Data items
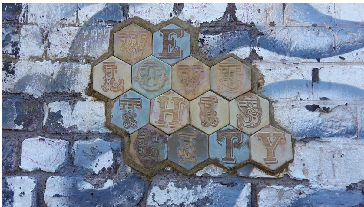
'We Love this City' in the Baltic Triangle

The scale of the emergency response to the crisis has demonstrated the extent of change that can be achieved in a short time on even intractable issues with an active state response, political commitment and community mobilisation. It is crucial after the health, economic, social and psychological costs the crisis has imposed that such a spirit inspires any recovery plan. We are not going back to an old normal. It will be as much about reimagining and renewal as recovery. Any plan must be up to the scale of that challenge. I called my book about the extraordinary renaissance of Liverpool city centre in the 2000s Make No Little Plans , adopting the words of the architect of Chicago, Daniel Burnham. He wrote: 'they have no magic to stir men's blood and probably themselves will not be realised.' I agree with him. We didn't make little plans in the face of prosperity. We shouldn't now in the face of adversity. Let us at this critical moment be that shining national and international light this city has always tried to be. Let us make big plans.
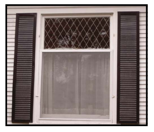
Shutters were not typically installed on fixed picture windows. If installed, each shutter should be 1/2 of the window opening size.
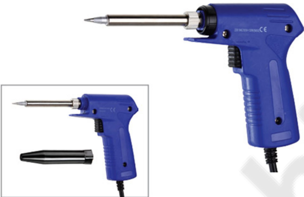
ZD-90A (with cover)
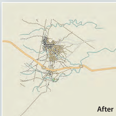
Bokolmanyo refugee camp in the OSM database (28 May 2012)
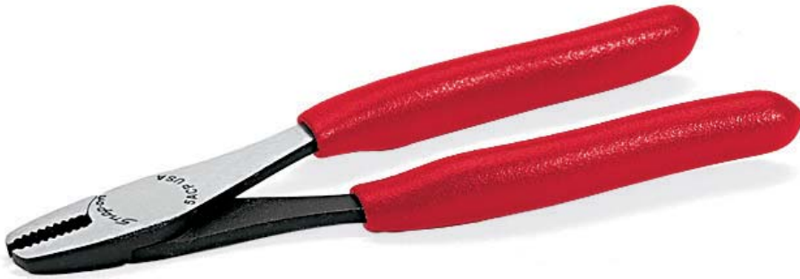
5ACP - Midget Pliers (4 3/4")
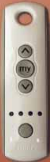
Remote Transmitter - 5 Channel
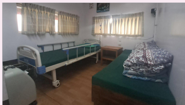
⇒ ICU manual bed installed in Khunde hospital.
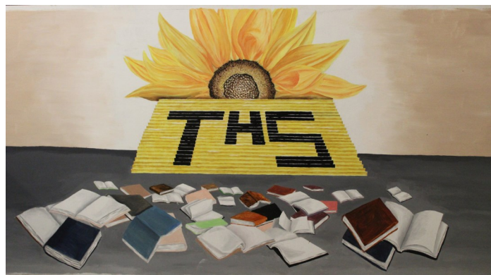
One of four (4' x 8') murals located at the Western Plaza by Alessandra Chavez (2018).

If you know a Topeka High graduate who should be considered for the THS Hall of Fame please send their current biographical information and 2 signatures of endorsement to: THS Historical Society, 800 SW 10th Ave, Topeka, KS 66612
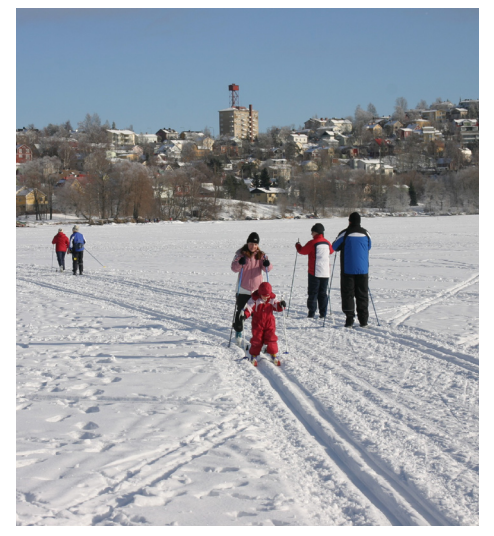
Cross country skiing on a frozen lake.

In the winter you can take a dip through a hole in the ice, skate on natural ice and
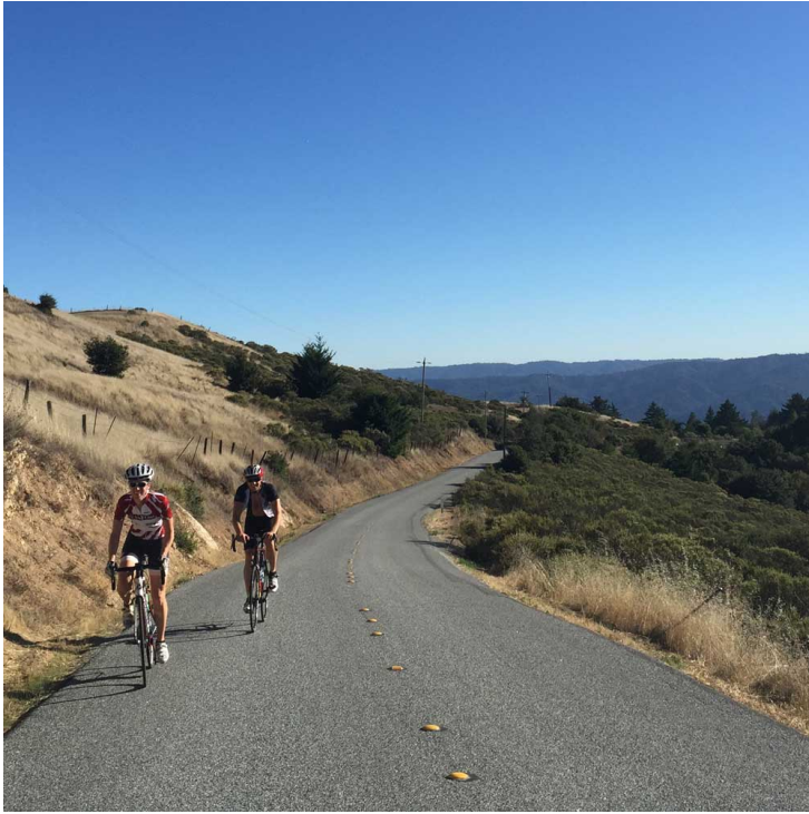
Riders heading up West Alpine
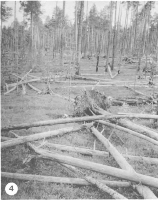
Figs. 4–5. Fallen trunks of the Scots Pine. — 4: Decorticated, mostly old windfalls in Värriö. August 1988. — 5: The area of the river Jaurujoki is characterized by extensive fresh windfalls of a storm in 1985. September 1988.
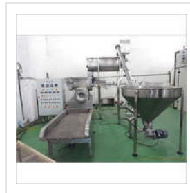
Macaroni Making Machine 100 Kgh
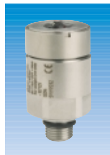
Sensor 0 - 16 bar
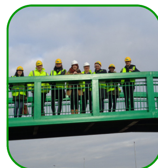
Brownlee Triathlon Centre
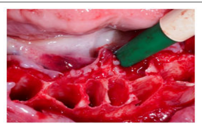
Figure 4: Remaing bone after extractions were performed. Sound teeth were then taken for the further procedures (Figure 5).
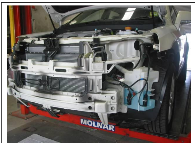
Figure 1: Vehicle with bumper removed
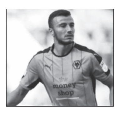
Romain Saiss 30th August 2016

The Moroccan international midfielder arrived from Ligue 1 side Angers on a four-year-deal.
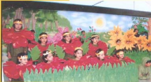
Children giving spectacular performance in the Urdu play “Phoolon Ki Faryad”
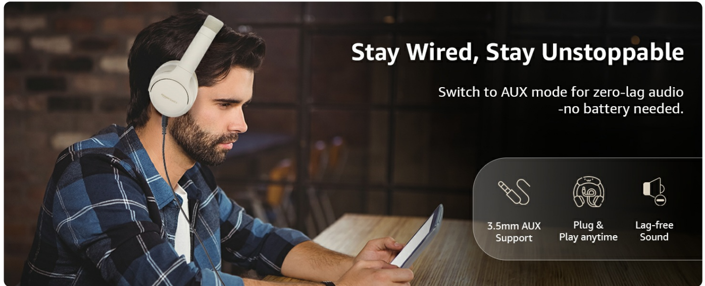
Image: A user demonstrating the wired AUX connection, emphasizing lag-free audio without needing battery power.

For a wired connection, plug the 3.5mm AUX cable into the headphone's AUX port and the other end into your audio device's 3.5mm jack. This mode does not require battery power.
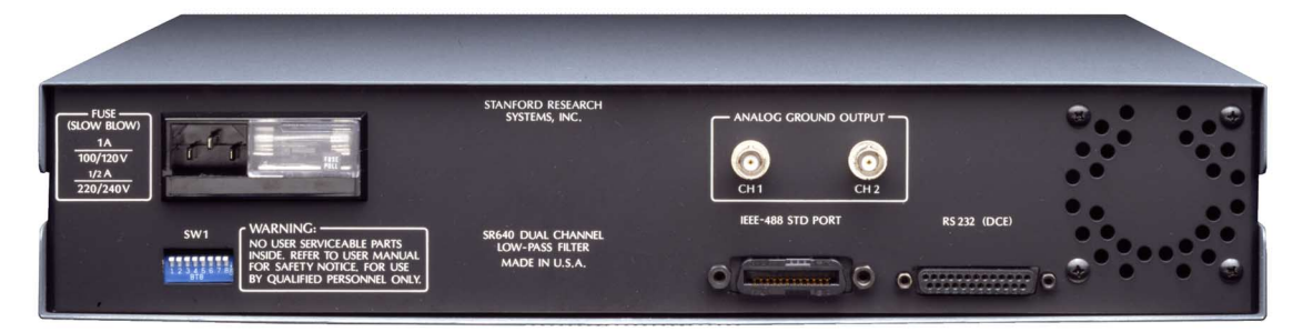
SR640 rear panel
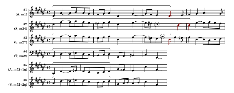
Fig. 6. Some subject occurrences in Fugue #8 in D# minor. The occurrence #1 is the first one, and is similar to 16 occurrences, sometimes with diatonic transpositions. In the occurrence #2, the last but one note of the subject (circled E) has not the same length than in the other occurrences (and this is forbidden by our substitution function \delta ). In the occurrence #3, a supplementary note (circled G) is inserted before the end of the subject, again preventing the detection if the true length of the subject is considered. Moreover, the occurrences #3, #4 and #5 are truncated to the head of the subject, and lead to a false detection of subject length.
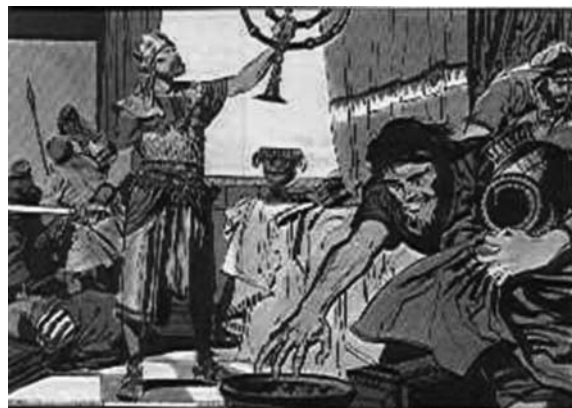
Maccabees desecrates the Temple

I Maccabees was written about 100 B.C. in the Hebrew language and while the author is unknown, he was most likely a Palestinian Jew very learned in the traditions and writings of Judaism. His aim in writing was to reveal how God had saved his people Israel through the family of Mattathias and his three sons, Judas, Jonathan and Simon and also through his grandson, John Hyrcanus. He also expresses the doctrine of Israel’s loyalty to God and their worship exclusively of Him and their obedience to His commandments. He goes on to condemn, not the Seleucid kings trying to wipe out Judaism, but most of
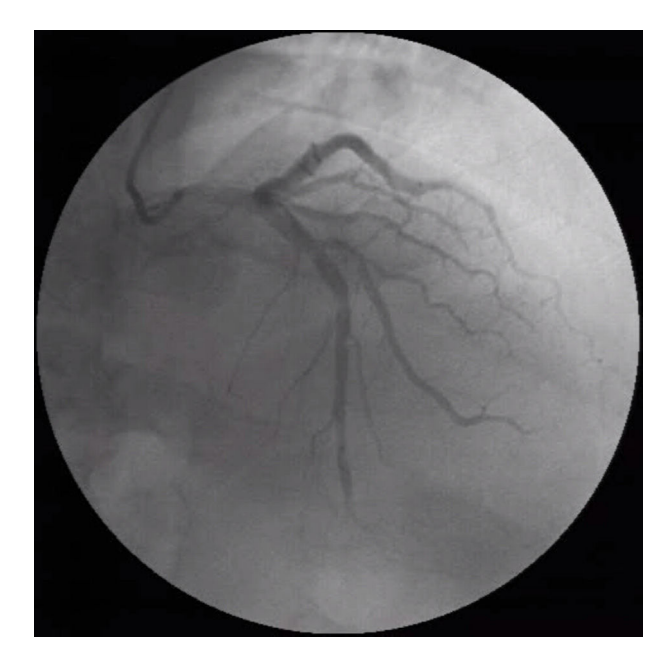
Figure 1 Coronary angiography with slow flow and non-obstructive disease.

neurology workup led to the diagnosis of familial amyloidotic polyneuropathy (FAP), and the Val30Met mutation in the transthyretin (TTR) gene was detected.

§ EXERCISE GOAL: With the pictures removed, print only the lines starting at the line that has "in Khunde hospital." and ending at the line that has "Riders heading up West Alpine", both ends included, exactly as they stand above.

§ SOLUTION FOR THIS TASK:
⇒ ICU manual bed installed in Khunde hospital.
One of four (4' x 8') murals located at the Western Plaza by Alessandra Chavez (2018).

If you know a Topeka High graduate who should be considered for the THS Hall of Fame please send their current biographical information and 2 signatures of endorsement to: THS Historical Society, 800 SW 10th Ave, Topeka, KS 66612
Cross country skiing on a frozen lake.

In the winter you can take a dip through a hole in the ice, skate on natural ice and
Riders heading up West Alpine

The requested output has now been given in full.